= Beginning of Section =

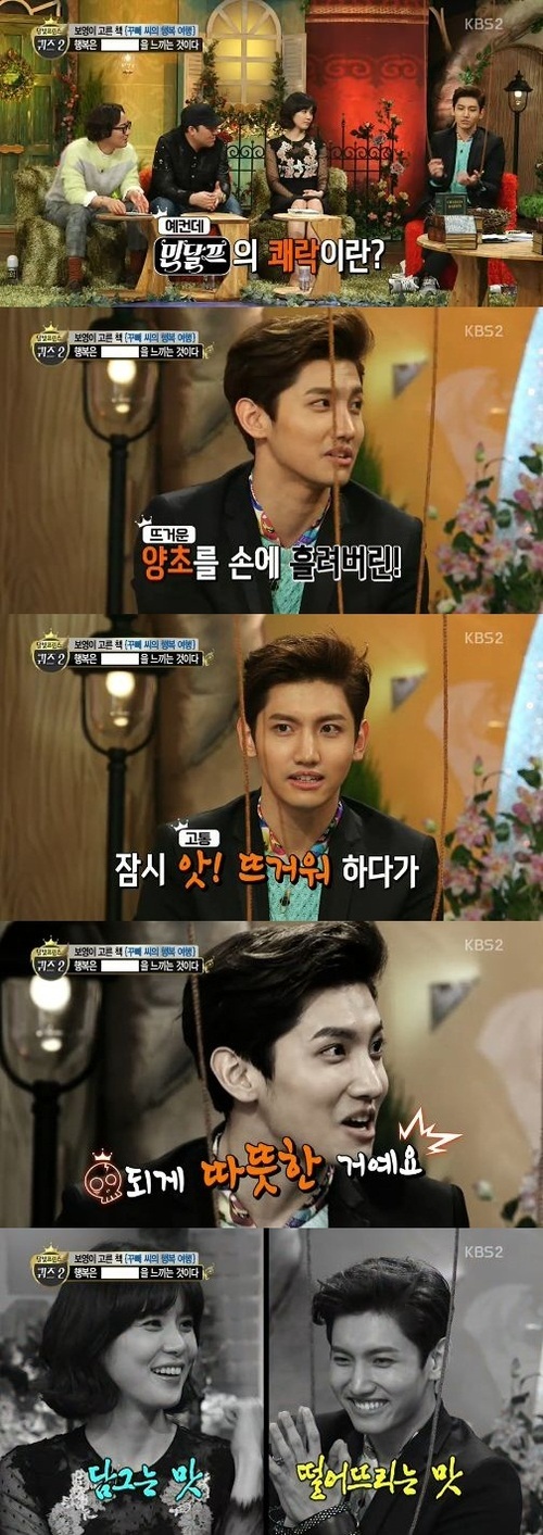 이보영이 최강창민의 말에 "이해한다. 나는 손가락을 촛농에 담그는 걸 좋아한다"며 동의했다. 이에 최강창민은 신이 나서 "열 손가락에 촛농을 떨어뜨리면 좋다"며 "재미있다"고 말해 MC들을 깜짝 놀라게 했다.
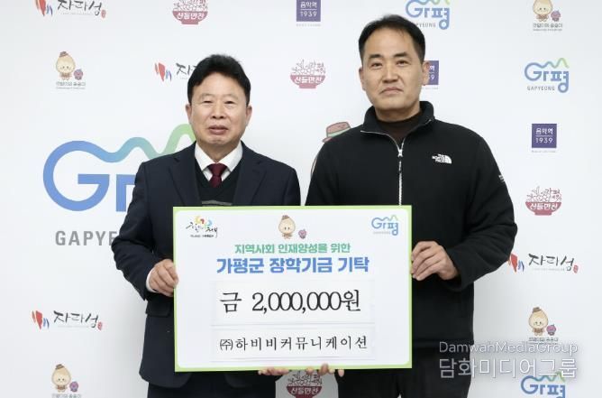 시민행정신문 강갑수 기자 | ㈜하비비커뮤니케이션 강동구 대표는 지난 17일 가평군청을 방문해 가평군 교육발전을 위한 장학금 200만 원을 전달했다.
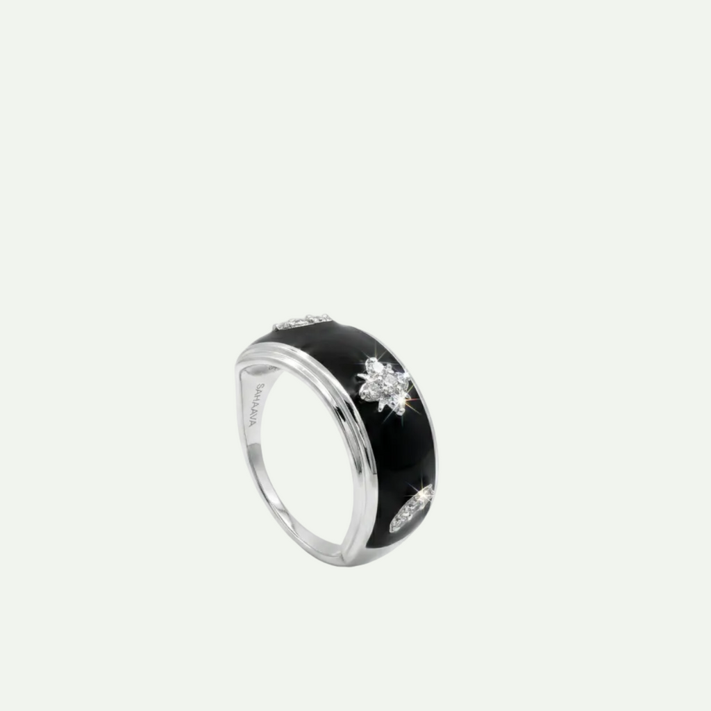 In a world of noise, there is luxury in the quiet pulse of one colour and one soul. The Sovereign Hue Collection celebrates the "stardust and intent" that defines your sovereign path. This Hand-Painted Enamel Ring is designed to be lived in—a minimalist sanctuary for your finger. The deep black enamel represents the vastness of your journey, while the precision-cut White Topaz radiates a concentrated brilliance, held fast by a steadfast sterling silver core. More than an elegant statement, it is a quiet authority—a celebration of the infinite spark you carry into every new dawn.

= End of Section =
= Beginning of Section =

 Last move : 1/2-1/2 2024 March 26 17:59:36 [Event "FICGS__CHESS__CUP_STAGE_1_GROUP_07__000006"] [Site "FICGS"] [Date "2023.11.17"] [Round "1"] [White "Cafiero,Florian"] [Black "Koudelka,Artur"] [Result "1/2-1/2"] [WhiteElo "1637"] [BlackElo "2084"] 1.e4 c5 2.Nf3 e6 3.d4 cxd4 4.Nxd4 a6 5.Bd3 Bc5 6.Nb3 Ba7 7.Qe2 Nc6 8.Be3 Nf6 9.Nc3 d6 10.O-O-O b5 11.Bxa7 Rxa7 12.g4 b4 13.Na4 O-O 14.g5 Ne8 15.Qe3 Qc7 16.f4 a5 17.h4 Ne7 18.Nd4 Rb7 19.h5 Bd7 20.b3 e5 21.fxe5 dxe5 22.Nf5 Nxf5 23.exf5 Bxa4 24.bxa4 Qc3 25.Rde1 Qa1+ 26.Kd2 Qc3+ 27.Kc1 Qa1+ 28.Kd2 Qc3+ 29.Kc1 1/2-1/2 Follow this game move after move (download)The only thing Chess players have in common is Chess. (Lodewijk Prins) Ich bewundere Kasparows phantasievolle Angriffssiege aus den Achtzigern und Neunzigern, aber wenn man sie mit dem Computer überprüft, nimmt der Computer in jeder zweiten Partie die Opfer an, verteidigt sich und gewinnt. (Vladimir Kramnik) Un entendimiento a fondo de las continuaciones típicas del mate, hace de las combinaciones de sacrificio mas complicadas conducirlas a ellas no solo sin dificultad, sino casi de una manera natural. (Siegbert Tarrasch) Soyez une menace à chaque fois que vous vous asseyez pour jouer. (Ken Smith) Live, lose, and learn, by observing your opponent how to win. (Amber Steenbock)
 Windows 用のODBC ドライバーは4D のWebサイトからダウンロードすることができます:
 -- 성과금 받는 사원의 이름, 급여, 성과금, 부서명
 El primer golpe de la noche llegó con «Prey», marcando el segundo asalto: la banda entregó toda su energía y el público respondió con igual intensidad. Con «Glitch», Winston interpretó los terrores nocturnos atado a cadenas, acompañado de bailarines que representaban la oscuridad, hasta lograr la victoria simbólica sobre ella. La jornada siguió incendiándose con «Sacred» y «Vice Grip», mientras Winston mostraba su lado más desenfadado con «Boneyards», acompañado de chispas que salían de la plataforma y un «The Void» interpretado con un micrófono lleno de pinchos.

= End of Section =

> Action item: In the listing above, find the line with "-- 성과금 받는 사원의 이름, 급여, 성과금, 부서명" and the line with "El primer golpe", then print exactly those two lines and every line between them, and nothing more.

> Output of the task:
 -- 성과금 받는 사원의 이름, 급여, 성과금, 부서명
 El primer golpe de la noche llegó con «Prey», marcando el segundo asalto: la banda entregó toda su energía y el público respondió con igual intensidad. Con «Glitch», Winston interpretó los terrores nocturnos atado a cadenas, acompañado de bailarines que representaban la oscuridad, hasta lograr la victoria simbólica sobre ella. La jornada siguió incendiándose con «Sacred» y «Vice Grip», mientras Winston mostraba su lado más desenfadado con «Boneyards», acompañado de chispas que salían de la plataforma y un «The Void» interpretado con un micrófono lleno de pinchos.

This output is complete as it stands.